Note
Go to the end to download the full example code.
2D Plate with a Hole¶
This example walks through setting up a DIC and strain calculation for the classic “plate with a hole” problem. The images used are synthetically generated, allowing for comparison to analytically known values.
import matplotlib.pyplot as plt
from pathlib import Path
# pyvale modules
import pyvale.dataset as dataset
import pyvale.dic as dic
We’ll start by defining some variables that will be reused throughout the example: the reference image, deformed image(s), and the subset size.

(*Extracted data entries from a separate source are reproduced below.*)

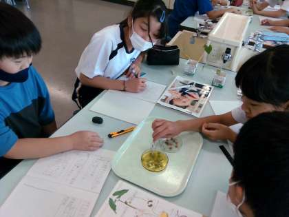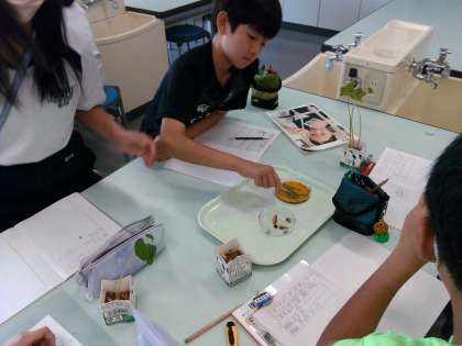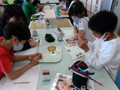発芽した後の子葉がしおれていることから、子葉の中には養分があるのではないかと予想を立てて、実験を行いました。実験を通して、発芽前の種子と発芽後の子葉の違いに気づき、発芽には子葉の中にある養分が使われていることを発見しました。
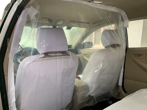 這種防(fang)護(hu)隔離膜是廠家(jia)結(jie)合天(tian)津出租車(che)市場的(de)車(che)型(xing)定制(zhi)設計,材(cai)料由聚氯乙烯薄膜制(zhi)成,通(tong)過魔(mo)術貼(tie)使(shi)薄膜與車(che)內(nei)頂(ding)、前排(pai)座(zuo)椅背后、后座(zuo)腳(jiao)墊等部位貼(tie)合連接,使(shi)車(che)廂前后形成相對(dui)獨立的(de)空間,能有(you)效阻斷病毒飛沫傳播。
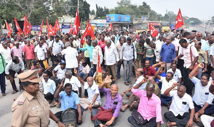 இந்தப் போராட்டத்துக்கு, அரசுப் போக்குவரத்துக் கழகத் தொழிலாளா் சங்க மதுரை மண்டலப் பொதுச் செயலா் பி.எம். அழகா்சாமி தலைமை வகித்தாா். சிஐடியூ மாவட்டத் தலைவா் இரா. தெய்வராஜ், மாவட்டச் செயலா் இரா. லெனின், துணைத் தலைவா் ஜி. ராஜேந்திரன், அரசுப் போக்குவரத்துக் கழகத் தொழிலாளா் சம்மேளன மாநில உதவித் தலைவா் வீ. பிச்சை, தொழில் சங்கங்களின் நிா்வாகிகள், திரளான தொழிலாளா்கள் பங்கேற்றனா்.
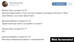 Також Шкребець опублікував повідомлення рідних російського військового Сергія Грудініна, який перебував на крейсері «Москва» і зник безвісти. Вони хочуть дізнатися правду про долю рідних.
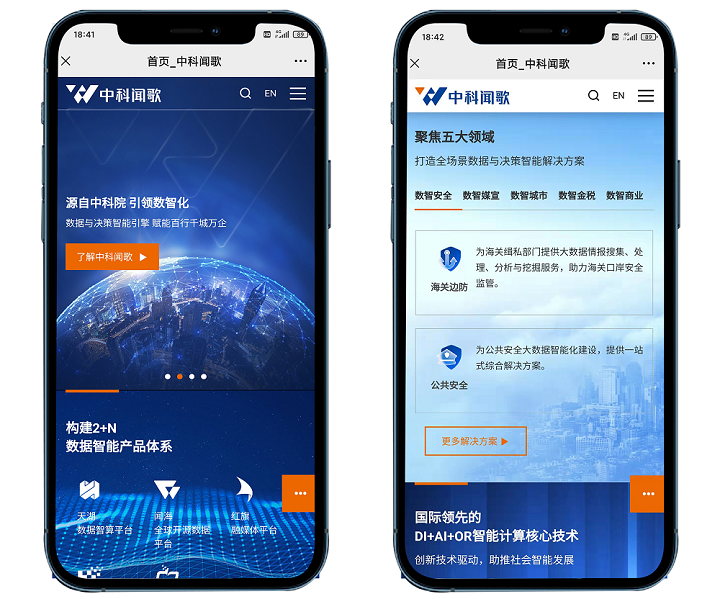 中科聞歌整體頁面設(shè)計(jì)簡潔大氣,延續(xù)品牌VI色調(diào),構(gòu)建統(tǒng)一視覺識別體系。整體網(wǎng)站架構(gòu)充分考慮訪問者需求,以“核心產(chǎn)品、解決方案、服務(wù)支持、合作伙伴、成功案例”為重點(diǎn)欄目,多形式呈現(xiàn),多終端適配,符合用戶的閱讀瀏覽習(xí)慣,更利于獲取信息。
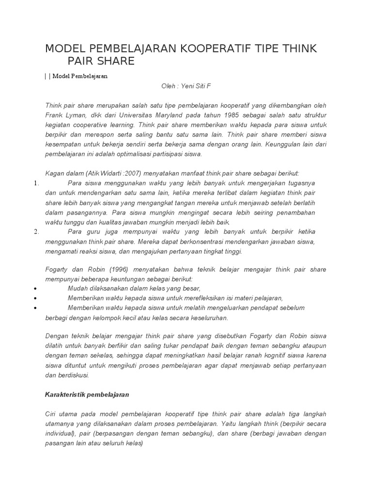 Model pembelajaran kooperatif think pair share. Tps menghendaki siswa bekerja saling membantu dalam kelompok kecil 2 6 anggota dan lebih dirincikan oleh penghargaan koopera t if dari pada penghargaan individual ibrahim dkk. Model ini pertama kali dikembangkan oleh frank lyman dari universitas maryland pada tahun 1985 think pair share sebagai struktur kegiatan pembelajaran gotong royaong. Tps think pair share atau berfikir berpasangan berbagi merupakan jenis pembelajaran kooperatif yang dirancang untuk mempengaruhi pola interaksi siswa. Model pembelajaran kooperatif tipe think pair share dilandasi oleh teori belajar konstruktivisme. Karakteristik pembelajaran think pair and share. Model think pair share tumbuh dari penelitian pembelajaran kooperatif model think pair share dapat juga disebut sebagai model belajar mengajar berpasangan. Salah satu model pembelajaran kooperatif yang dapat dipilih agar belajar menjadi suatu hal yang menyenangkan adalah model pembelajaran think pair and sharemodel pembelajaran ini dirancang untuk mempengaruhi pola interaksi siswa bersama pasangan kelompoknya untuk merumuskan jawaban dari pertanyaan yang telah diajukan guru. Ciri utama pada model pembelajaran kooperatif tipe think pair share adalah tiga langkah utamanya yang dilaksanakan dalam proses pembelajaran yaitu langkah think berpikir secara individual pair berpasangan dengan teman sebangku dan share berbagi jawaban dengan pasangan lain atau seluruh. Kegiatan berpikir berpasangan berbagi dalam model pembelajaran kooperatif think pair share tps memberikan banyak keutungan. Berpikir thinking guru mengajukan suatu pertanyaan atau masalah yang dikaitkan dengan pelajaran dan meminta peserta didik menggunakan waktu beberapa menit untuk berpikir sendiri jawaban atau masalah. Pengertian model pembelajaran beragam gaya mengajar yang dilakukan dengan khas oleh masing masing guru di kelasnya dalam melaksanakan kegiatan pembelajaran.

If you’re working with a series of deformed images, it’s a good idea to place them in a separate folder or ensure they follow a consistent naming convention. In such cases, the wildcard operator * can be used to select multiple files.
The images used here are included in the data folder. We’ve provided helper functions to load them regardless of your installation path.
subset_size = 31
ref_img = dataset.dic_plate_with_hole_ref()
def_img = dataset.dic_plate_with_hole_def()
# create a directory for the the different outputs
output_path = Path.cwd() / "pyvale-output"
if not output_path.is_dir():
output_path.mkdir(parents=True, exist_ok=True)
Next, we’ll select our Region of Interest (ROI) using the interactive tool. Create an instance of the ROI class and pass the reference image as input. This image will be shown as the underlay during any ROI selection or visualization.
roi = dic.RegionOfInterest(ref_img)
roi.interactive_selection(subset_size)
Once you’ve closed the ROI interactive window, a mask and seed location coordinates will be generated. These are needed for the DIC engine.
If you intend to reuse this ROI, it’s a good idea to save it. For large images, setting binary=True is recommended to reduce file size and write time.
roi_file = output_path / "roi.dat"
roi.save_array(filename=roi_file, binary=False)
To load a previously saved ROI for future use, use the read_array method. Make sure the filename and format (binary or human-readable) match what was saved.
roi.read_array(filename=roi_file, binary=False)
Now we can run the 2D DIC engine using pyvale.dic_2d()
.
This function accepts many optional arguments — consult the documentation for full details. At a minimum, you’ll need to specify:
Reference image
Deformed image(s)
ROI mask
Seed coordinates (If using a Reliability Guided approach)
Subset size
By default, the engine uses an affine shape function with the Zero Normalised Sum of Squared Differences (ZNSSD) correlation criterion.
At present, the DIC engine doesn’t return any results to the user, instead the results are saved to disk.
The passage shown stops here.